There is no doubt in my mind that this speech will go down in history as one of the greatest political speeches of all time. Every high school speech and/or debate club should be using it as a shining example of perfection.

Saturday, August 18, 2012

Managing Fantasies Indeed

Last in line asked me yesterday if I wanted to go see Dinesh D'Souza's new film about the president. I told him that I would pass (even if he paid for it) and here's the reason why: I'm not going to be a party to the continued population of a fictional world.

The record of the last decade or so suggests that the party these days is animated by two main goals. First, it seeks unchallengeable, absolute power. Its modus operandi for achieving that goal has been to use institutional power—the power of corporations, courts and legislatures—to acquire more institutional power. A recent case is the drive in Republican-dominated states around the country to disenfranchise Democratic-leaning constituencies, such as the poor and minorities, by legislating onerous requirements for voting.

The other goal has been a less familiar one. More and more, Republicans have exhibited a strong desire to take up residence in an imaginary world, an alternate reality—one in which global warming is found to be a fraud perpetrated by the world’s top scientists, Obama turns out to have been born in Kenya and is a Muslim (and a socialist), budgets can be slashed without social pain, firing government employees reduces unemployment, tax cuts for the wealthy replenish government coffers, and so forth. Perhaps it seems odd to identify such an objective as a political goal, but past ideological movements of the left as well as the right offer many examples of the power of such a longing.

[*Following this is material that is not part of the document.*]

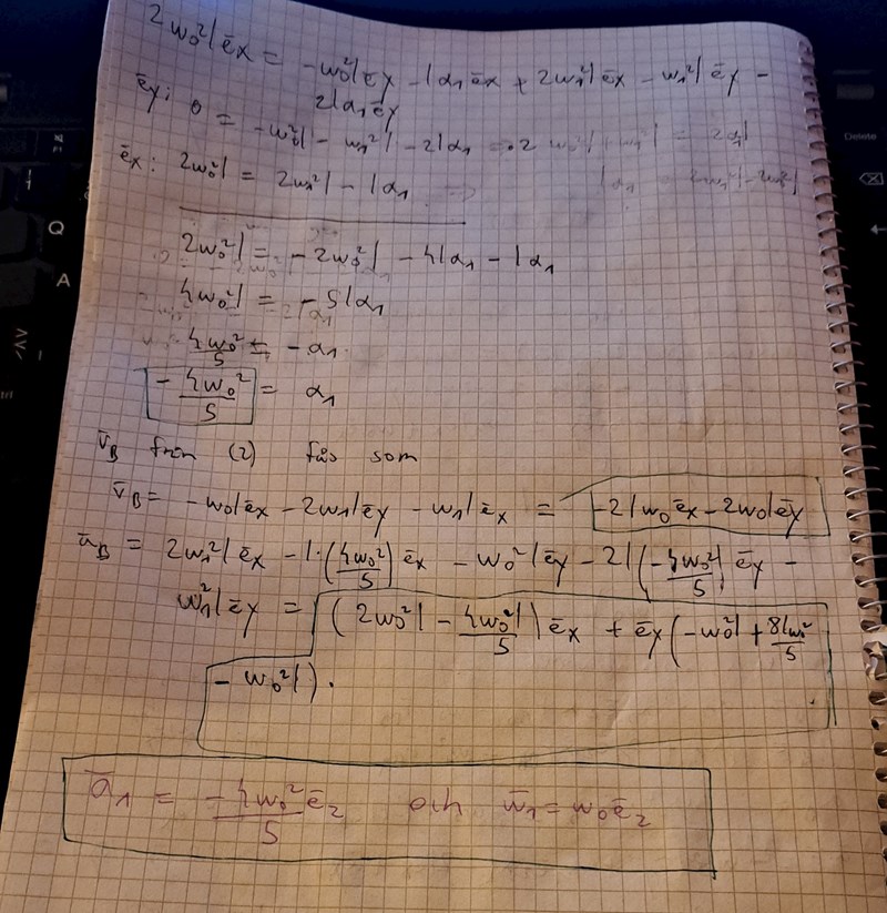 PATENTERAMERA skrev:Tänk på att kolven B glider längs en vertikal skena. Du har därför villkoren att (vB)x = 0 och (aB)x = 0. Utnyttja det i dina beräkningar för att få fram w1, alfa1 osv.

There is nothing more dangerous than a very large group of people who refuse to admit error and continue anyway with their meglomaniacal fantasies.

Worse, they seem to slip effortlessly into what I've been calling recently, "Heading Off At The Pass" syndrome. A severely debilitating avoidance reaction, this can take many forms (rest assured, I will be talking about them quite a bit between now and the election). An excellent example of this is Kevin Baker's continued use of the phrase "Do it again, only harder." His complaint is that liberal and progressive ideas have failed and that's why we have all these problems. Liberals want to do more to try to make up for their "failures."

In reality, (not the fictional world in which Kevin, his ilk, and what is now the GOP reside) however, those policies have worked.  Since Social Security first started we've seen our country grow into a massive power in the world. We had massive debt, deficits, high taxes, big government and socialized medicine while we essentially became the financial and cultural hegemenon of the world. We defeated the Nazis, the Communists, and are about to defeat Islamic extremism all with our free market ideals, capitalism, and democracy.

There's no need do any of it again or harder. We've already won.

And by "we," I mean all of us. Of course, people on the right wont't accept this because they can't stand losing an ideological argument (in typical adolescent form). They will have you believe our world is going to end any minute. In a certain sense, THEIR world has ended, in their eyes, because they have been proven wrong.  Their enemy is the truth so they have to invent fiction. Since there is never a shortage of fearful and ignorant people, they have power and here's where the danger comes in.

As the very famous and accurate phrase goes, we hate in others what we fear in ourselves. Yet, it was THEIR policies of deregulation and free market fundamentalism that brought us to the tough economic spot we are in right now. THEY are the ones that want to "Do it again, only harder" because they simply can't stand being wrong or admitting fault.

This is the Romney-Ryan ticket in a nutshell. It's a fantasy world filled with promises of giving failed policies another shot because somehow it was the fault of liberals that they didn't work the first time. I've said this many times and I guess I have to say it again.

The party who champions individual responsibility claims none of it.